Assigned task => Only one stretch of the listing below is wanted. Give it again exactly, from the line with "あなたの前世は、栄華を極めた植民地時代のフランス国軍で、入隊して来た" through the line with "Belle illustration de".

Data provided =>
──────
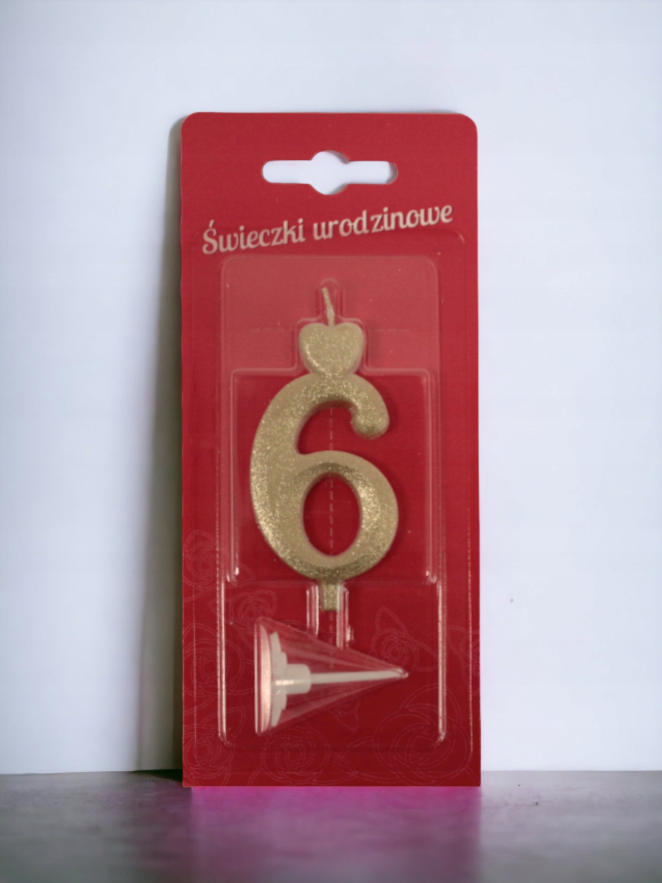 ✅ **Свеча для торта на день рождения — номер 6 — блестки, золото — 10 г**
──────
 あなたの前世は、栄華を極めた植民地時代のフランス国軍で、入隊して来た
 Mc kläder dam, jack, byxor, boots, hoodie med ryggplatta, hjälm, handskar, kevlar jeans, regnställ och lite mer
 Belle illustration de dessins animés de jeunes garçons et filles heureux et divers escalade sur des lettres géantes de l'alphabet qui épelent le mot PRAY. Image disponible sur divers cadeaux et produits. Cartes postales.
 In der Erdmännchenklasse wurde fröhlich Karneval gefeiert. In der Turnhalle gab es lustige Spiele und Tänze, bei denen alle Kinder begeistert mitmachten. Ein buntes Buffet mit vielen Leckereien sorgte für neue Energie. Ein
──────
Written answer =>
 あなたの前世は、栄華を極めた植民地時代のフランス国軍で、入隊して来た
 Mc kläder dam, jack, byxor, boots, hoodie med ryggplatta, hjälm, handskar, kevlar jeans, regnställ och lite mer
 Belle illustration de dessins animés de jeunes garçons et filles heureux et divers escalade sur des lettres géantes de l'alphabet qui épelent le mot PRAY. Image disponible sur divers cadeaux et produits. Cartes postales.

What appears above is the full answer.